9. THE MAD COOK OF PYMATUNING, Christopher Lehmann-Haupt Warm ’50s nostalgia gives way to cold chills in this tale of a summer camp gone bad. Very bad. Think Lake Lord-of-the-Flies.
8. DRAMA CITY, George Pelecanos Former drug dealer tries to go straight as an animal-control officer in Washington, D.C. Every gritty detail rings true. It should Pelecanos also co-writes HBO’s The Wire. As one of his petty street dealers might say, ”This s — – is tight, yo.”
7. THE LINCOLN LAWYER, Michael Connelly The Lincoln in question is one of a fleet in which Mickey Haller rides while doing business on the sleazier side of L.A. law. What’s amazing about Michael Connelly is how much he continues to learn about the art of narrative from book to book. Each one is better than the last. And this one is pardon me a real Cadillac.
6. THE HOT KID, Elmore Leonard Leonard began his career (back when I was in diapers) writing Westerns. He finally achieved success in the ’80s with urban shoot-’em-ups. In The Hot Kid he has combined both genres, producing a randy Bonnie-and-Clyde-era thrill ride featuring a U.S. marshal, a bank-robbing maniac who once tried to drown his sister in a pool, and a good-hearted woman with a shady past. It’s Leonard’s best novel since Get Shorty, maybe his best ever.
5. HARRY POTTER AND THE HALF-BLOOD PRINCE, J.K. Rowling The miracle of the Harry Potter series is that it keeps getting better. The genius of Ms. Rowling was her decision (probably never even seriously considered at the time) to follow Harry through his schooling. As a result, Harry’s fans have never left him behind. The question is whether Ms. Rowling will be bound to him for life, as Arthur Conan Doyle was bound to Sherlock Holmes.
4. NO COUNTRY FOR OLD MEN, Cormac McCarthy In the most accessible book he’s ever written, McCarthy serves up the year’s most memorable villain, Anton Chigurh, who dispatches his victims with a slaughterhouse cattle gun, and his most memorable hero, a slow-moving, decent sheriff very much in the John Ford mode. Like the desert landscape in which most of the story takes place, McCarthy’s writing is spare, dry, often frightening, and ultimately gorgeous.

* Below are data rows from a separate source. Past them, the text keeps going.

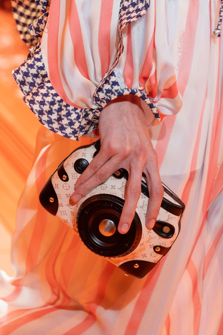 對於成功掀起話題,LV果真不是省油的燈,在2023秋冬以一款「巴黎門牌包」引發熱議,而新一季2024春夏則是要靠上下兩款「相機包」,一款是用來保護相機的皮革保護套,另外一款則是用經典老花打造出一個硬殼的手拿包,不只成功在吸引秀場貴賓的眼球,更會是下一季讓快門猛按的街拍神器!
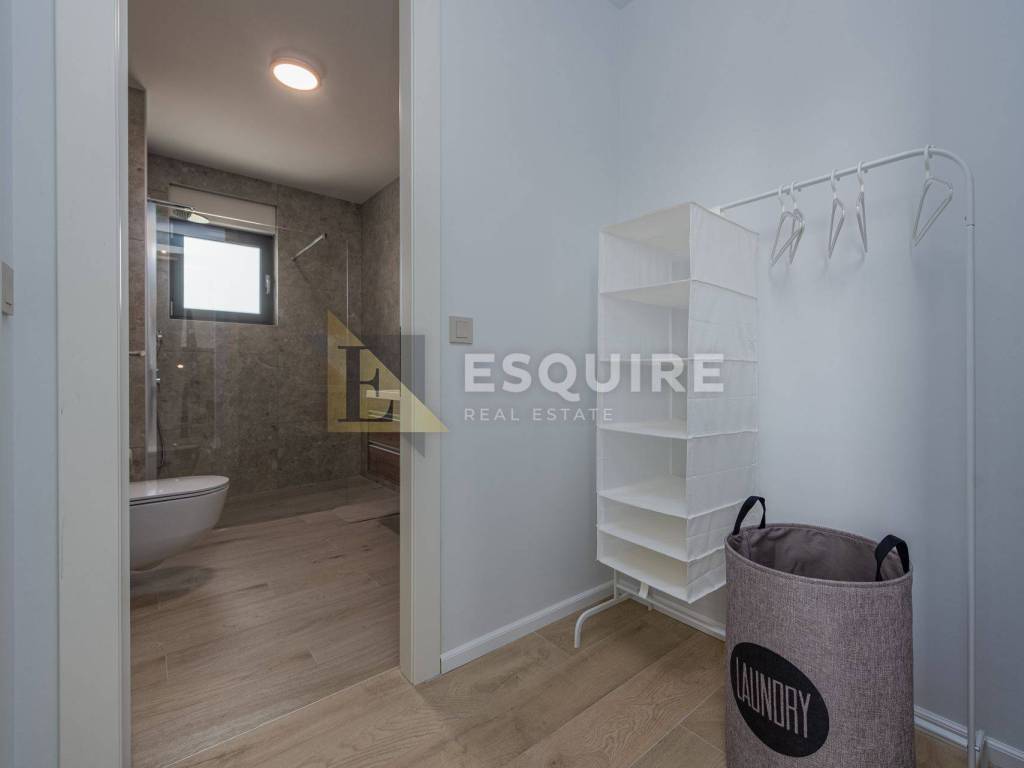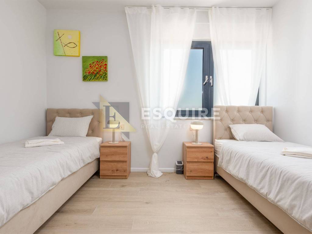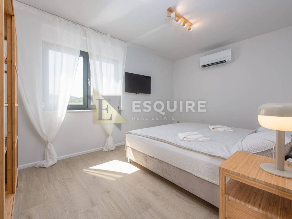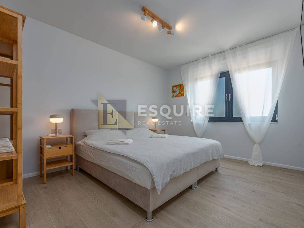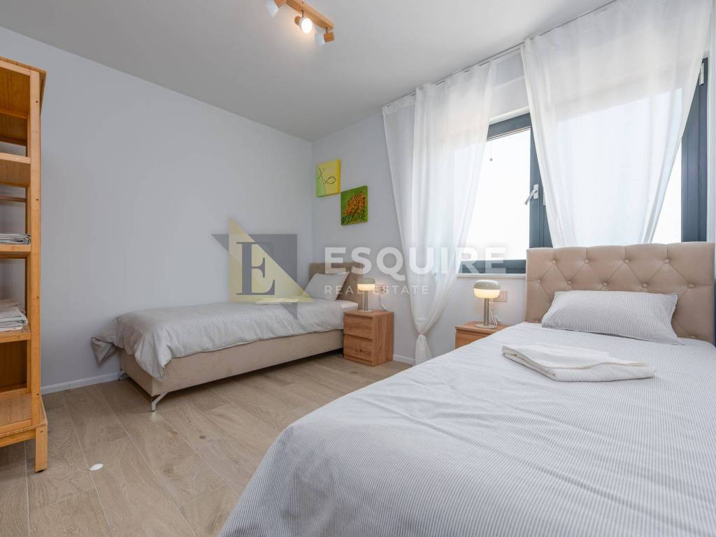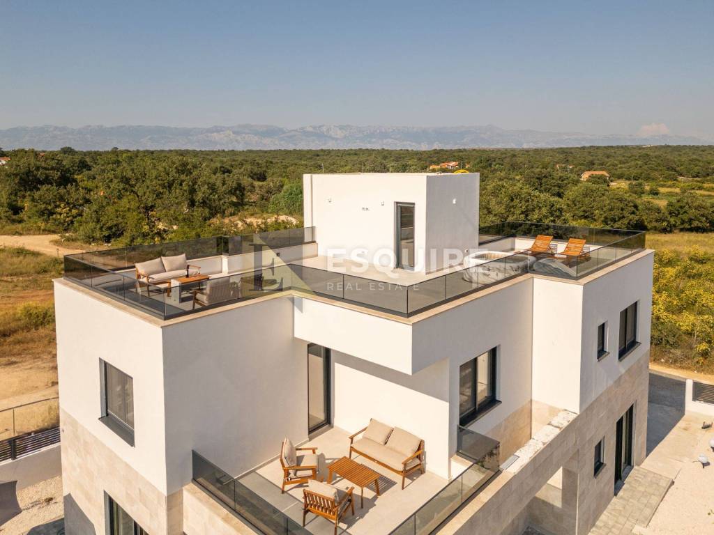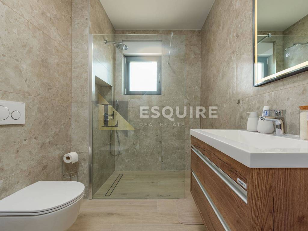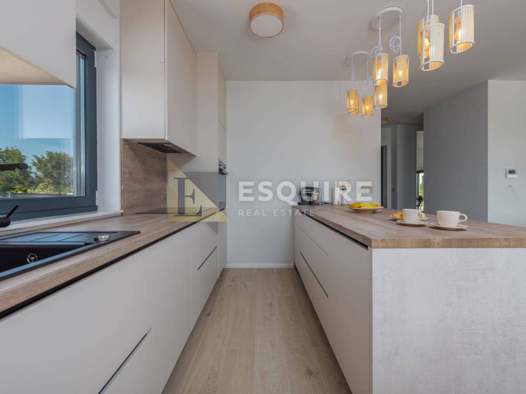 Vanjski prostor pažljivo je uređen – okućnica je obogaćena mediteranskim biljem i sustavom automatskog navodnjavanja, dok se u dvorištu nalazi natkrivena terasa s roštiljem, idealna za boravak na otvorenom. Tu je i prostrani bazen opremljen sustavom za protustrujno plivanje, automatskim doziranjem kemikalija te mogućnošću grijanja i hlađenja putem dizalice topline.
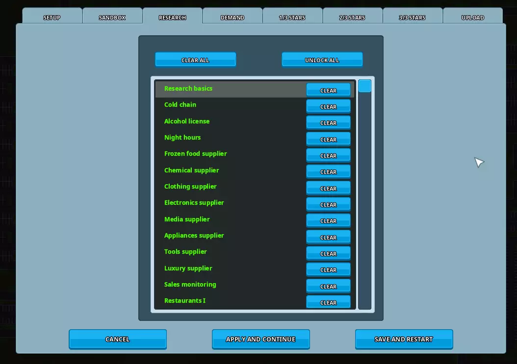 如果你使用非标准设置,建议在介绍信息中提及,以便玩家能提前了解特殊条件。 研究 在此标签页中,你可以为你的场景设置各种研究项目的状态。
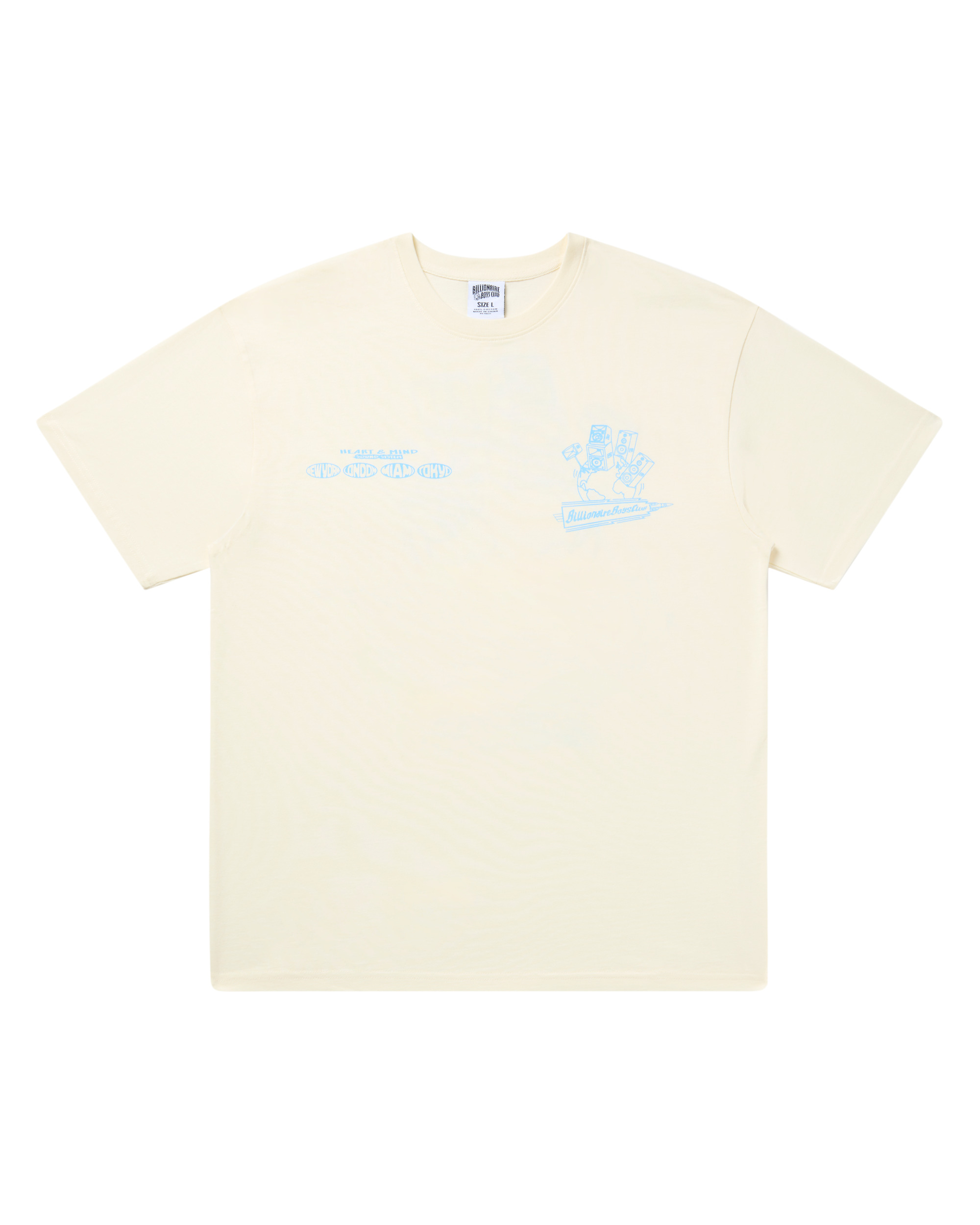 The Sound Waves Tee displays a Billionaire Boys Club graphic on the left front, city names on the right, and a globe with stereos printed on the back. - Winter White - Screen-printed graphics on the front and back - 100% Cotton
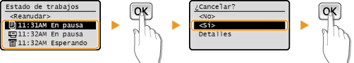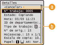 Podrá visualizar el número de copias, la configuración y otros detalles. Si solo desea consultar los detalles sin cancelar la copia, pulse
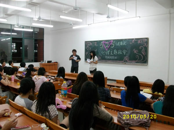 应心理健康中心的号召,学院各班级积极进行了心理健康知识的宣传教育,并且开展了形式多样的心理健康活动,其中表现突出的有:09本会10班;09本会4班;09专会5班;08本会7班班;09商务英语2班;09商务英语1班;09信管1班;09物本2班;09商务英语4班;09统计班。
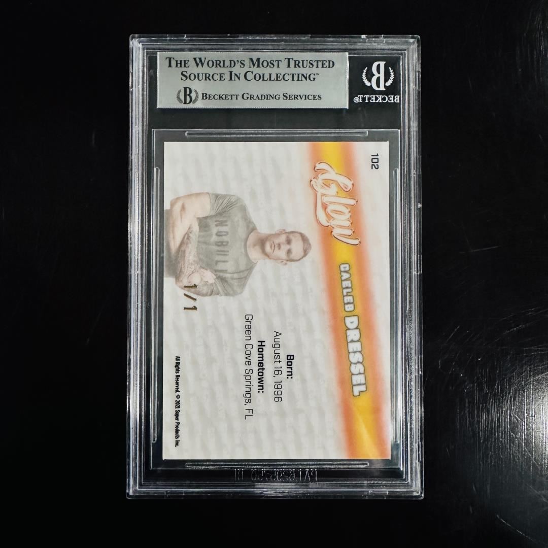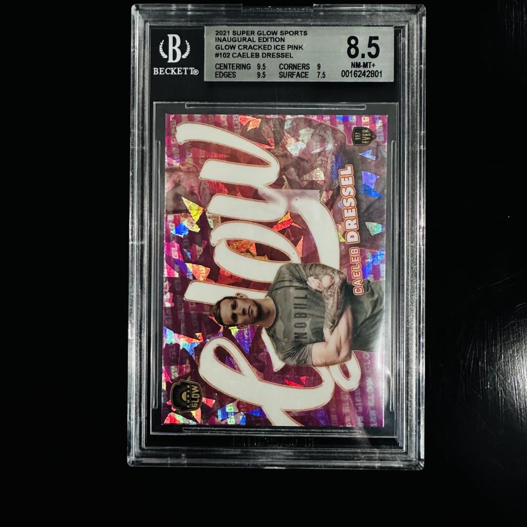 This 2021 Super Glow Inaugural Edition Cracked Ice Pink card features Olympic champion Caeleb Dressel in a striking full-art design. Graded BGS 8.5, the card showcases 9.5 centering and edges, 9 corners, and a 7.5 surface grade. The flashy pink prismatic background adds visual punch to this high-grade slab of an elite athlete. A strong addition for collectors of Olympic memorabilia or standout non-traditional sports cards.
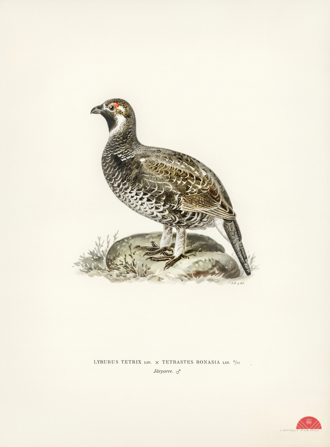 lyrurus tetrix tetrastes bonasia illustrated by Magnus von Wright 1905-1968. from 1929 folio version of Svenska Fåglar Efter Naturen Och Pa Sten Ritade.
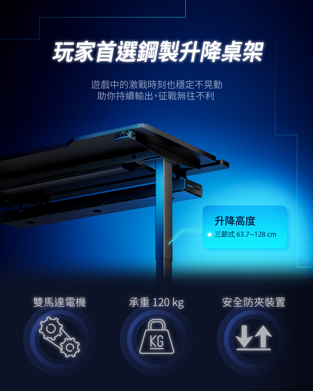 ✅ 固定尺寸:150x80cm|升降高度:63.7~128cm
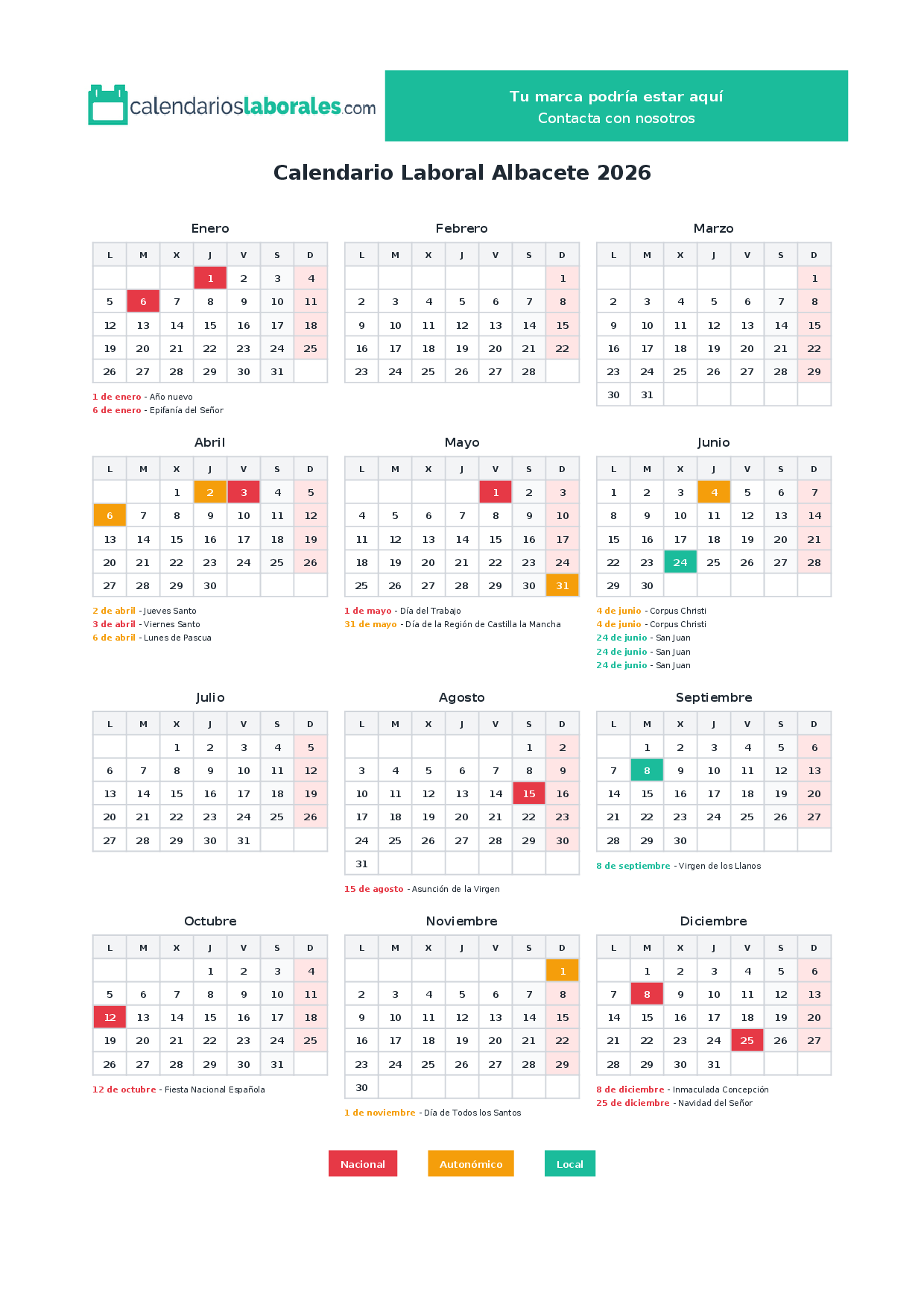 El calendario laboral de Albacete en 2026 cuenta con un total de 15 días festivos, que incluyen festivos nacionales, festivos autonómicos de Castilla La Mancha y los festivos locales establecidos por cada municipio.
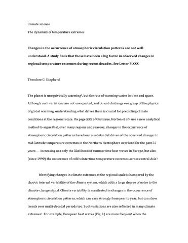 Changes in the occurrence of atmospheric circulation patterns are not well understood. A study finds that these have been a big factor in observed changes in regional temperature extremes during recent decades.
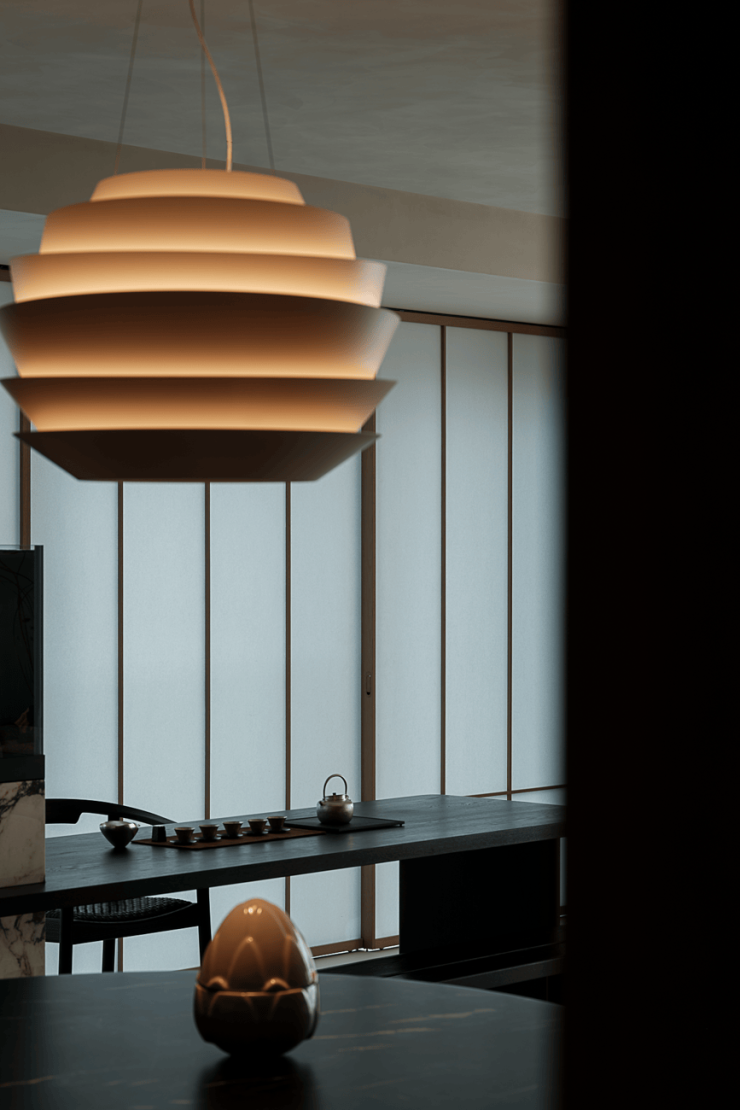 建筑立面融合宋韵风雅与现代美学,玻璃幕墙与金属线条勾勒轻盈质感,全明采光设计诠释塔尖圈层的生活仪式感。
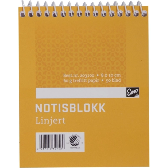 EMO Notisblokk 8x10cm 60g 50bl linj spir
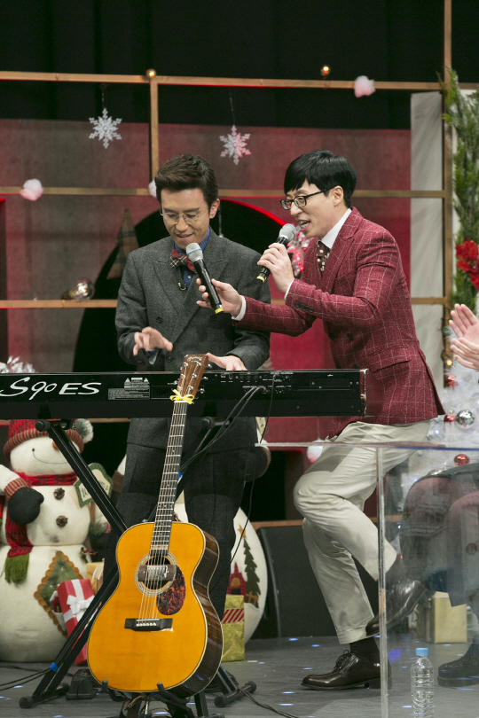 또한 평소 상대방을 공격하기에 여념이 없는 유재석-유희열 콤비 역시, 듀엣을 불러달라는 뜨거운 요청에 서슴치 않고 다시 한 번 건반 앞으로 달려나가 캐롤을 선보였다. 하지만 열심히 하는 모습과는 다르게 실력이 따라주지 않는 모습을 보이며 큰 웃음을 선사했다.
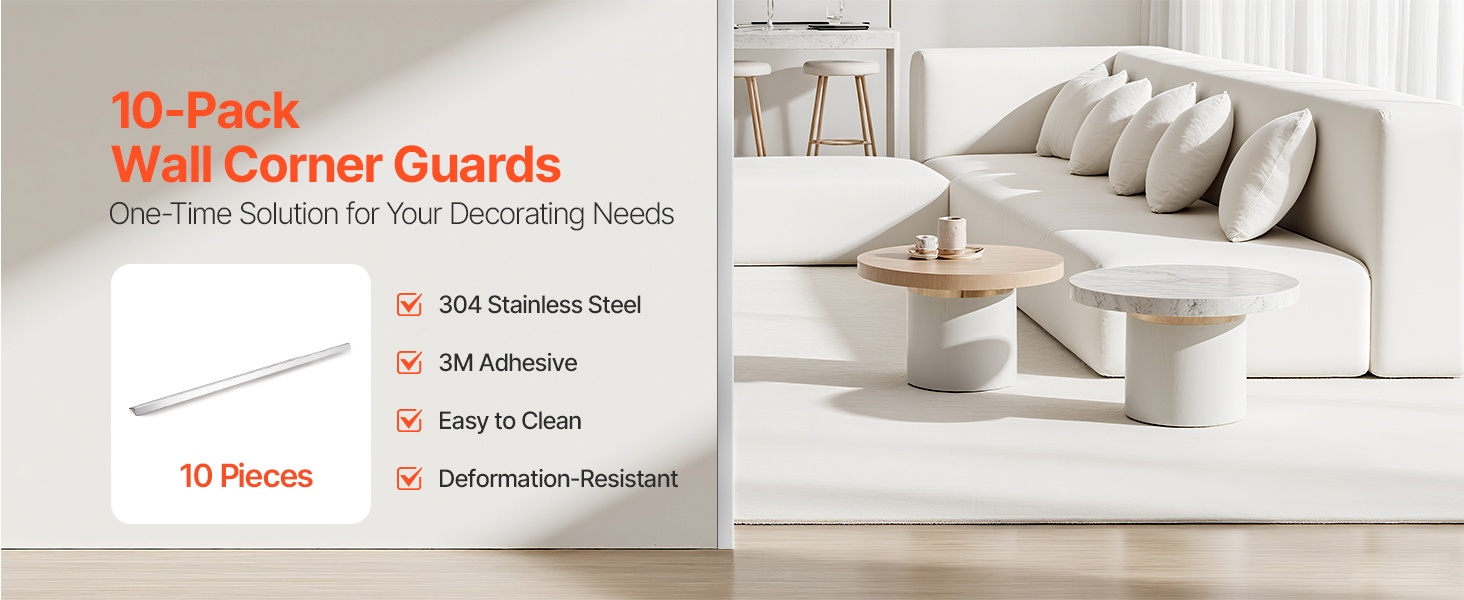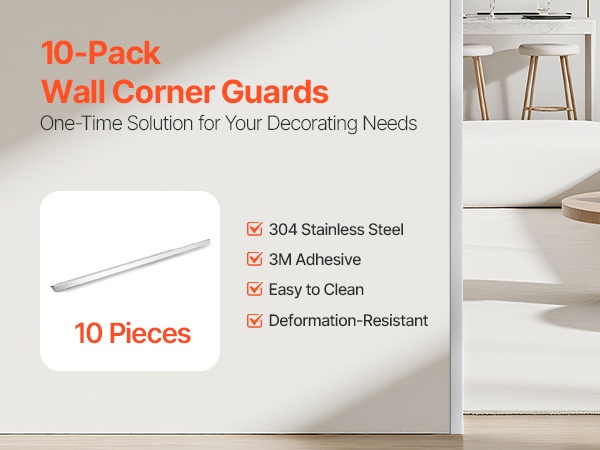 Tämä metallinen seinän kulmasuoja suojaa kulmia kolhuilta ja kulumiselta ja viimeistelee samalla kodin, toimiston tai julkisten tilojen ilmeen. Tarkka 90 asteen L-muoto ja valmiiksi asennettu teippi tekevät asennuksesta nopean ja siistin.

3. SATURDAY, Ian McEwan This novel spans one day in the life of London neurosurgeon Henry Perowne, beginning with a plane on fire and ending with a terrifying dinner party at which he and his family are held hostage by home invaders. What Saturday makes us feel is all the jitter-jive paranoia of our post-9/11 world. And yet, McEwan suggests, it is not a world without hope.
2. THIS BOOK WILL SAVE YOUR LIFE, A.M. Homes I told you one book on my list wasn’t available yet; this is it. I get tons of soon-to-be-published novels, and happened to pick this one up because of the unusual title. And couldn’t put it down again. I think this brave story of a lost man’s reconnection with the world could become a generational touchstone, like Catch-22, The Monkey Wrench Gang, or The Catcher in the Rye. There’s a lot of uplift here, but Homes’ deadpan delivery keeps it from feeling greeting-card phony. So does the novel’s ambience, which is 21st-century L.A. Weird. This Book Will Save Your Life won’t be published until April, but I read it in October, so it belongs on this list. And hey, maybe it will save somebody’s life.
1. CASE HISTORIES, Kate Atkinson Not just the best novel I read this year (it actually made EW’s ”official” top 10 fiction list in 2004), but the best mystery of the decade. There are actually four mysteries, nesting like Russian dolls, and when they begin to fit together, I defy any reader not to feel a combination of delight and amazement. Case Histories is the literary equivalent of a triple axel. I read it once for pleasure and then again just to see how it was done. This is the kind of book you shove in people’s faces, saying ”You gotta read this!”
As long as there are books like that around, people will still be reading in 2007. Because that s— is tight, yo.